RECORDED DATA:
-*-*-
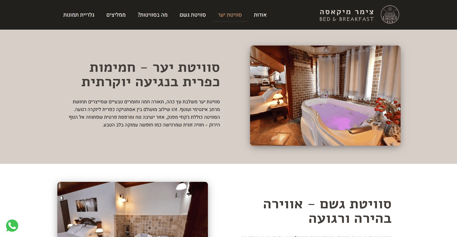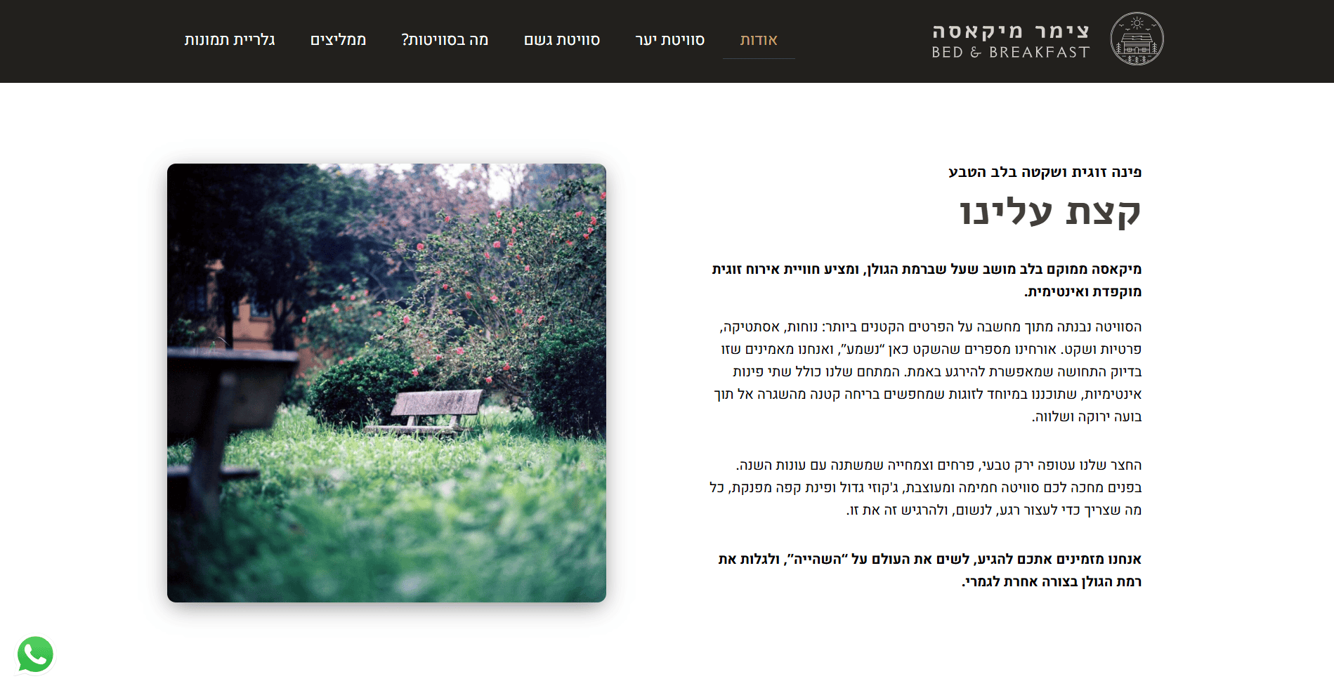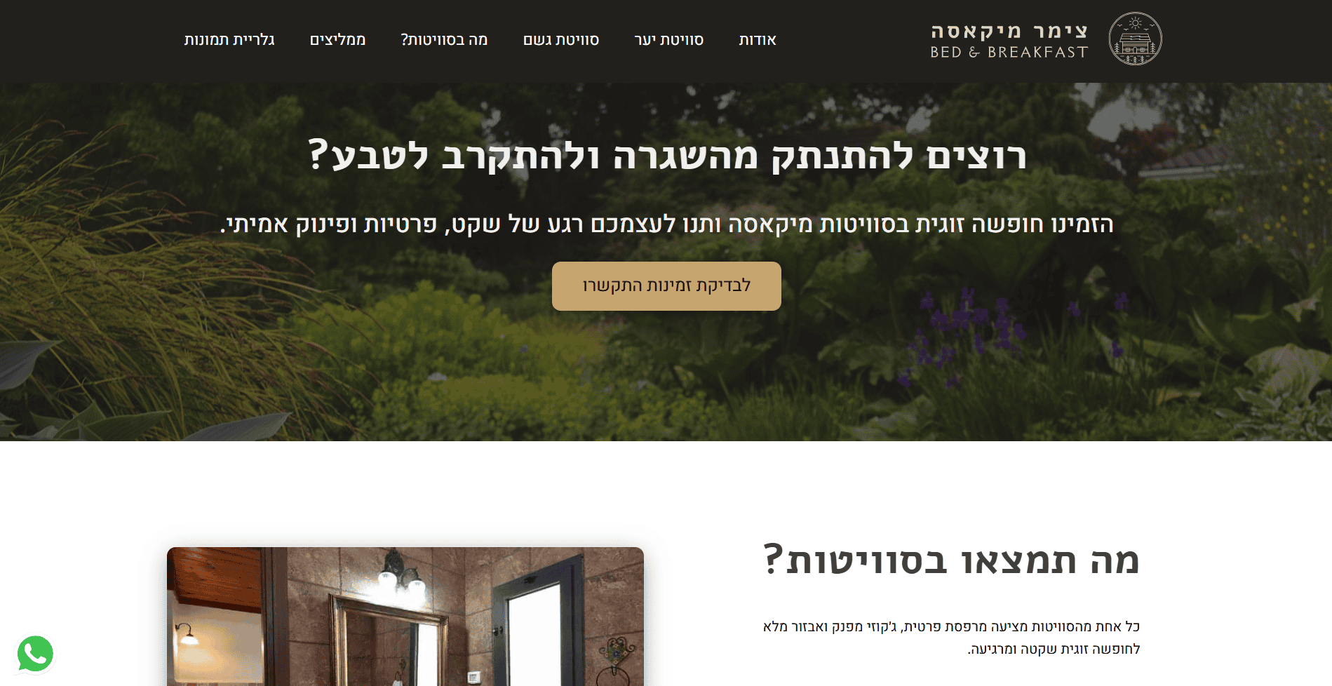 בניית אתר תדמית עבור Mikasa, מתחם אירוח זוגי מוקפד במושב שעל שברמת הגולן. האתר מציג שתי סוויטות יוקרתיות – סוויטת יער וסוויטת גשם – בעיצוב אינטימי ומאובזר, כולל ג׳קוזי, מרפסת פרטית וחוויית אירוח שקטה בלב הטבע. הפרויקט כלל יצירת שפה עיצובית רגועה ונקייה, צילום ותצוגת גלריות, הצגת מפרט הסוויטות, שילוב המלצות אורחים, וקריאות לפעולה ברורות לבדיקת זמינות והזמנה. הושם דגש על יצירת אווירה חמימה ואותנטית המייצגת את תחושת השקט, הפרטיות והפינוק שמיקאסה מציעה לזוגות שמחפשים בריחה מהשגרה.
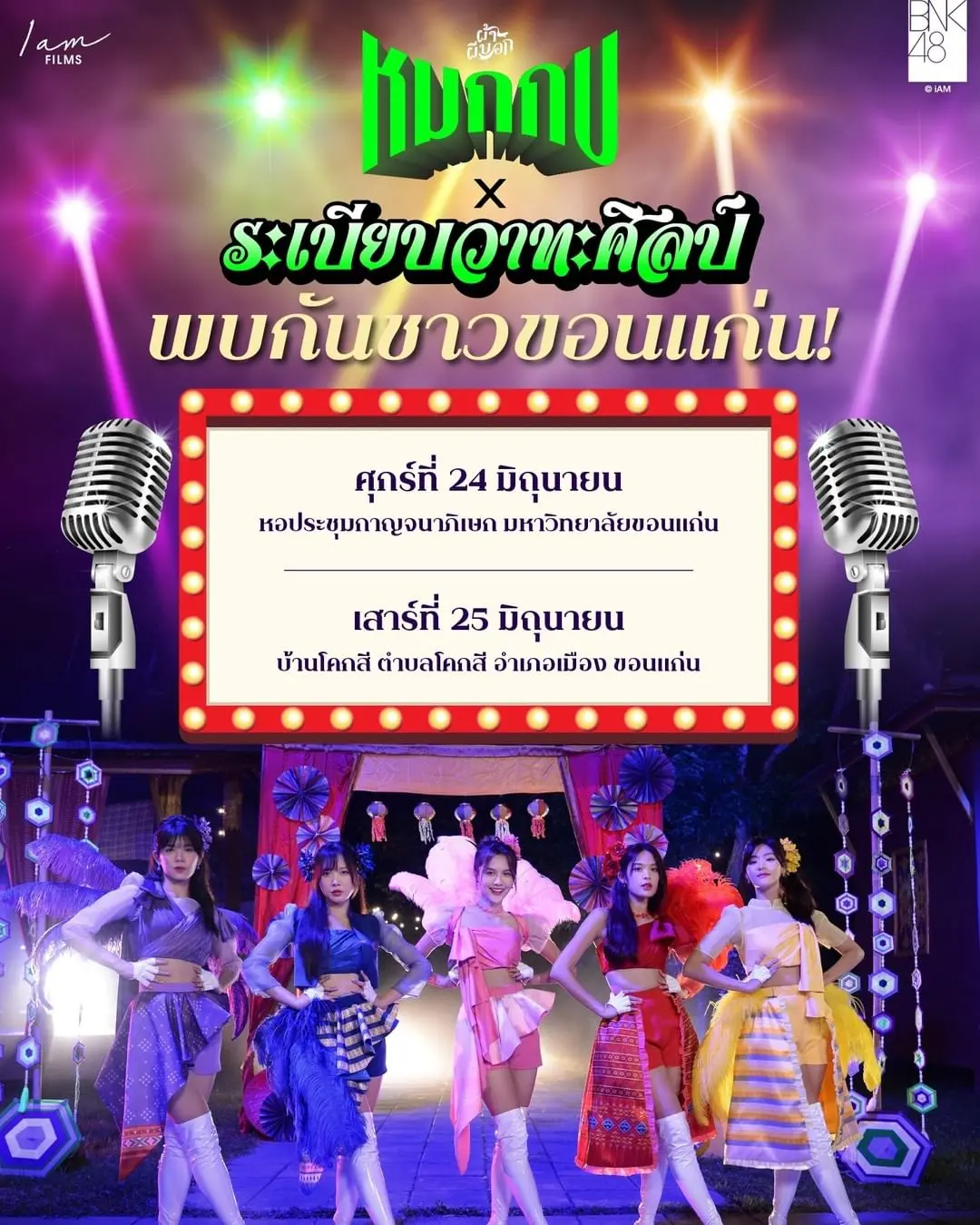 เรียกได้ว่าจัดหนักจัดเต็มไม่ทำให้แฟน ๆ ต้องผิดหวังกันเลยทีเดียว สำหรับ 5 สาวจาก BNK48 หมกกบ ที่ได้ร่วมการแสดงกับวงหมอลำในตำนานอย่าง ระเบียบวาทะศิลป์ ซึ่งถือเป็นครั้งแรกของวงไอดอลที่ได้ปรากฏตัวแบบม่วน ๆ บนเวทีหมอลำ ที่หอประชุมกาญจนาภิเษก มหาวิทยาลัยขอนแก่น
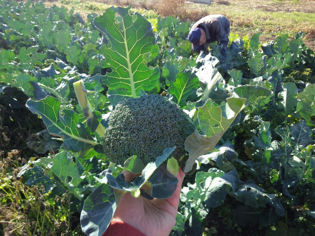 「いくらか大きくなってるだろ」とブロッコリーの収穫。
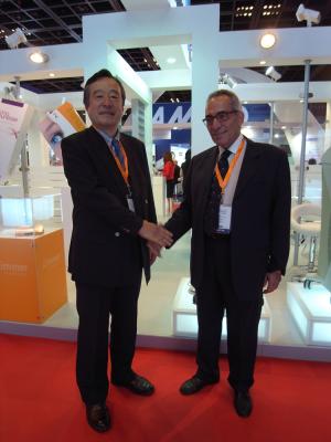 その中で4月より中東のAQSkinSolutions販売を手がけることになった中東大手の医療系会社、Kalium社のカーター代表とAQスキンソリューションズジャパン社の駒崎代表が対談し、意見交換を行った。
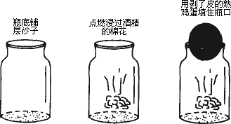 如圖所示,取一個瓶口直徑小于雞蛋的瓶子,在瓶底鋪層沙子,點燃浸過酒精的棉花,把它放入瓶中,再用剝了皮的熟雞蛋填住瓶口,結(jié)果雞蛋進到瓶子里,造成這一現(xiàn)象的主要原因是
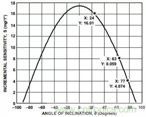 為了滿足應用在整個傾斜角檢測范圍內分辨率的要求,可以利用上圖的曲線來確定系統(tǒng)的最小靈敏度。假設應用要求最小分辨率為1°,傾斜角檢測范圍在-63°到+63°之間。根據上圖, 增量靈敏度在傾斜角0°到90°變化時, 逐漸變小,當到達63°時,靈敏度降至4.074mg/1°。
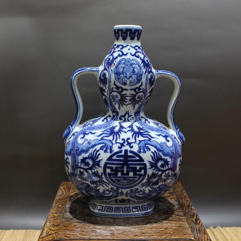 清乾隆青花福壽雙龍紋葫蘆瓶手工民仿官窯景德鎮瓷器擺件古玩收藏1入
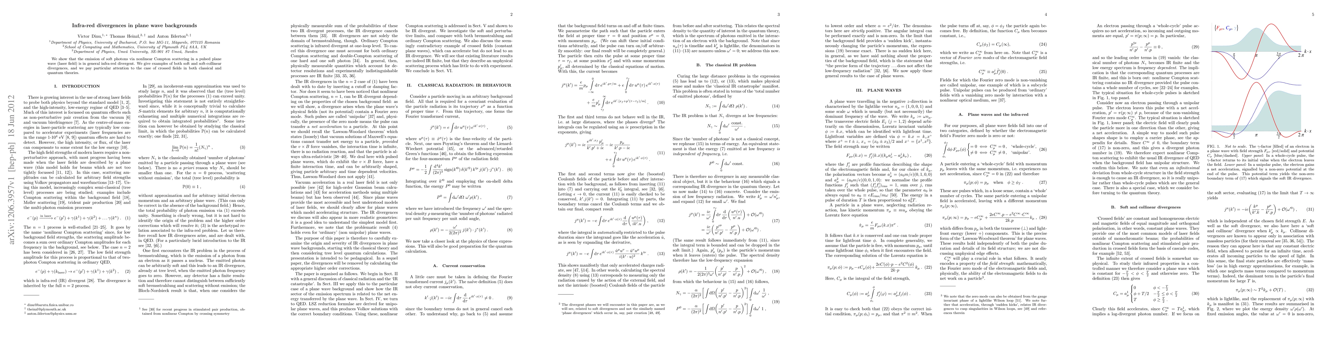 This paper demonstrates that soft photon emission through nonlinear Compton scattering in pulsed plane waves (laser fields) exhibits infra-red divergences, including both soft and soft-collinear types. It specifically examines these divergences in the context of crossed fields in both classical and quantum frameworks.
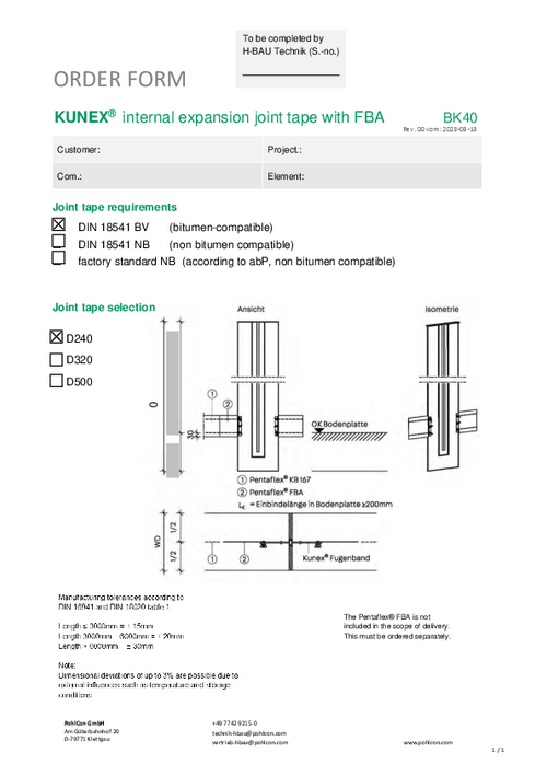 Order sheet KUNEX® internal joint with FBA (BK40)
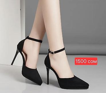 4) Туфли-лодочки на шпильке черного цвета: острый мыс, закрытый нос, открытая пяточная часть, тонкий ремешок на щиколотке с пряжкой, высокий каблук.
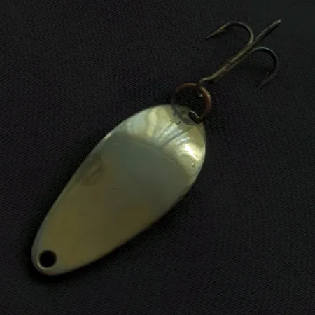 Značka „A SENECA LURE“, vyražená přímo na leštěném konkávním povrchu, identifikuje tuto 4cm (1 1/2") plandavku jako autentický kus americké rybářské historie. S hmotností 7 g (1/4 oz) nese tento exemplář produktový kód 23062 a odráží světlo svým jasně stříbrným povrchem. Osazení zůstává robustní a zahrnuje pevný kroužek v barvě mědi, který spojuje kovové tělo s trojháčkem v tmavé povrchové úpravě. Sběratelé okamžitě rozpoznají označení „WIGL-LURE“, které je typickým znakem původní produkce éry Seneca z USA. Tato Seneca Little Cleo si zachovává vysoce kvalitní vzhled, přičemž za svůj reflexní povrch a jasné, hluboce ražené písmo získala hodnocení stavu 4/5. Očko pro navázání v horní části nástrahy nevykazuje žádné známky opotřebení, zatímco rozložení hmotnosti je soustředěno do klasického kapkovitého tvaru. Tmavý potah trojháčku s protihroty vytváří ostrý vizuální kontrast k vysoce lesklému kovu.
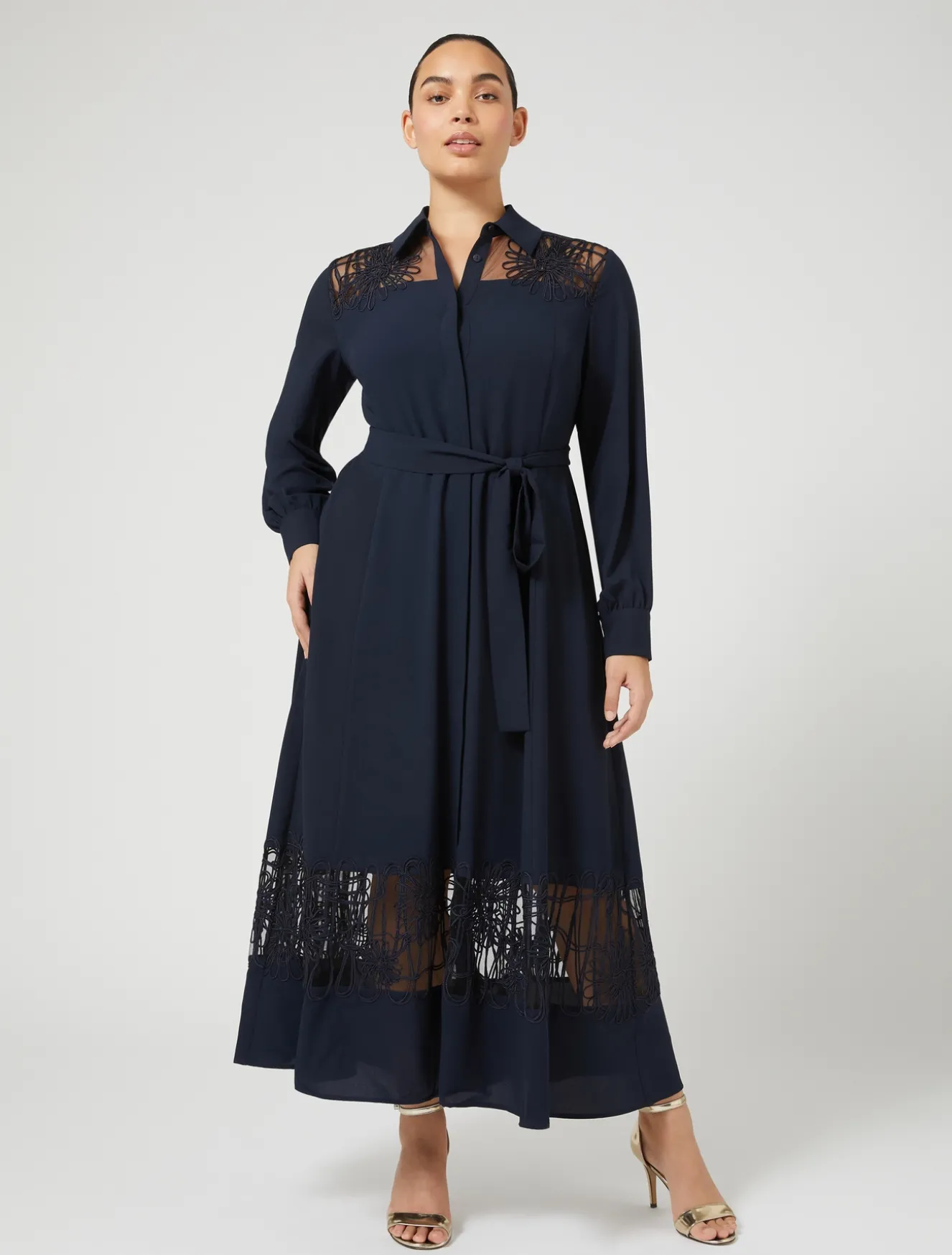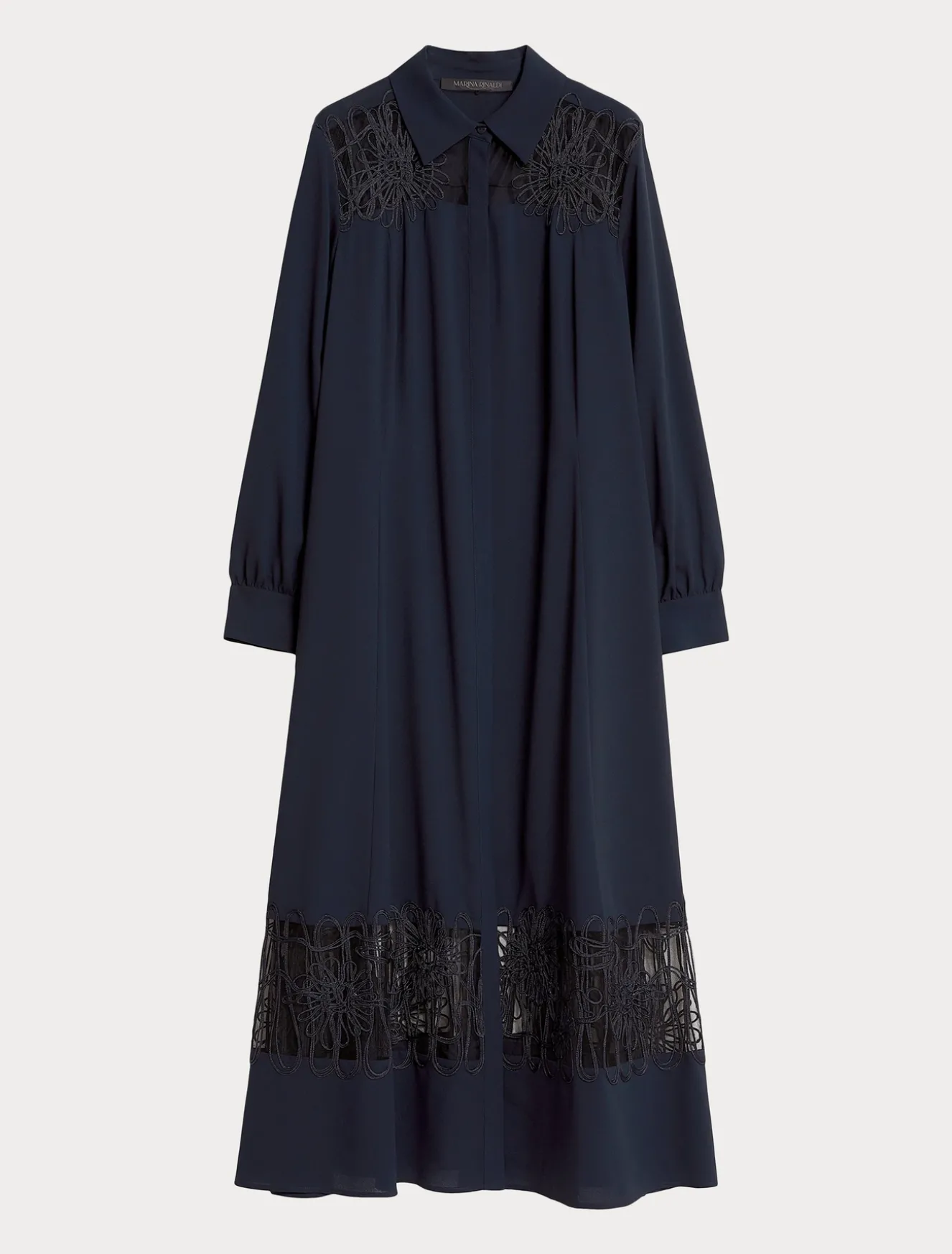 Ricamo cornely su tulle al carré e intarsiato al fondo per l’abito lungo chemisier in crêpe leggero. Lavorazione preziosa per un modello sofisticato da sfoggiare nelle occasioni speciali.Il capo fa parte della collezione Elegante.
-*-*-
INSTRUCTIONS TO FOLLOW: The whole listing above must be set down again exactly, but without its images.

RESULT FOR THIS TASK:
 בניית אתר תדמית עבור Mikasa, מתחם אירוח זוגי מוקפד במושב שעל שברמת הגולן. האתר מציג שתי סוויטות יוקרתיות – סוויטת יער וסוויטת גשם – בעיצוב אינטימי ומאובזר, כולל ג׳קוזי, מרפסת פרטית וחוויית אירוח שקטה בלב הטבע. הפרויקט כלל יצירת שפה עיצובית רגועה ונקייה, צילום ותצוגת גלריות, הצגת מפרט הסוויטות, שילוב המלצות אורחים, וקריאות לפעולה ברורות לבדיקת זמינות והזמנה. הושם דגש על יצירת אווירה חמימה ואותנטית המייצגת את תחושת השקט, הפרטיות והפינוק שמיקאסה מציעה לזוגות שמחפשים בריחה מהשגרה.
 เรียกได้ว่าจัดหนักจัดเต็มไม่ทำให้แฟน ๆ ต้องผิดหวังกันเลยทีเดียว สำหรับ 5 สาวจาก BNK48 หมกกบ ที่ได้ร่วมการแสดงกับวงหมอลำในตำนานอย่าง ระเบียบวาทะศิลป์ ซึ่งถือเป็นครั้งแรกของวงไอดอลที่ได้ปรากฏตัวแบบม่วน ๆ บนเวทีหมอลำ ที่หอประชุมกาญจนาภิเษก มหาวิทยาลัยขอนแก่น
 「いくらか大きくなってるだろ」とブロッコリーの収穫。
 その中で4月より中東のAQSkinSolutions販売を手がけることになった中東大手の医療系会社、Kalium社のカーター代表とAQスキンソリューションズジャパン社の駒崎代表が対談し、意見交換を行った。
 如圖所示,取一個瓶口直徑小于雞蛋的瓶子,在瓶底鋪層沙子,點燃浸過酒精的棉花,把它放入瓶中,再用剝了皮的熟雞蛋填住瓶口,結(jié)果雞蛋進到瓶子里,造成這一現(xiàn)象的主要原因是
 為了滿足應用在整個傾斜角檢測范圍內分辨率的要求,可以利用上圖的曲線來確定系統(tǒng)的最小靈敏度。假設應用要求最小分辨率為1°,傾斜角檢測范圍在-63°到+63°之間。根據上圖, 增量靈敏度在傾斜角0°到90°變化時, 逐漸變小,當到達63°時,靈敏度降至4.074mg/1°。
 清乾隆青花福壽雙龍紋葫蘆瓶手工民仿官窯景德鎮瓷器擺件古玩收藏1入
 This paper demonstrates that soft photon emission through nonlinear Compton scattering in pulsed plane waves (laser fields) exhibits infra-red divergences, including both soft and soft-collinear types. It specifically examines these divergences in the context of crossed fields in both classical and quantum frameworks.
 Order sheet KUNEX® internal joint with FBA (BK40)
 4) Туфли-лодочки на шпильке черного цвета: острый мыс, закрытый нос, открытая пяточная часть, тонкий ремешок на щиколотке с пряжкой, высокий каблук.
 Značka „A SENECA LURE“, vyražená přímo na leštěném konkávním povrchu, identifikuje tuto 4cm (1 1/2") plandavku jako autentický kus americké rybářské historie. S hmotností 7 g (1/4 oz) nese tento exemplář produktový kód 23062 a odráží světlo svým jasně stříbrným povrchem. Osazení zůstává robustní a zahrnuje pevný kroužek v barvě mědi, který spojuje kovové tělo s trojháčkem v tmavé povrchové úpravě. Sběratelé okamžitě rozpoznají označení „WIGL-LURE“, které je typickým znakem původní produkce éry Seneca z USA. Tato Seneca Little Cleo si zachovává vysoce kvalitní vzhled, přičemž za svůj reflexní povrch a jasné, hluboce ražené písmo získala hodnocení stavu 4/5. Očko pro navázání v horní části nástrahy nevykazuje žádné známky opotřebení, zatímco rozložení hmotnosti je soustředěno do klasického kapkovitého tvaru. Tmavý potah trojháčku s protihroty vytváří ostrý vizuální kontrast k vysoce lesklému kovu.
 Ricamo cornely su tulle al carré e intarsiato al fondo per l’abito lungo chemisier in crêpe leggero. Lavorazione preziosa per un modello sofisticato da sfoggiare nelle occasioni speciali.Il capo fa parte della collezione Elegante.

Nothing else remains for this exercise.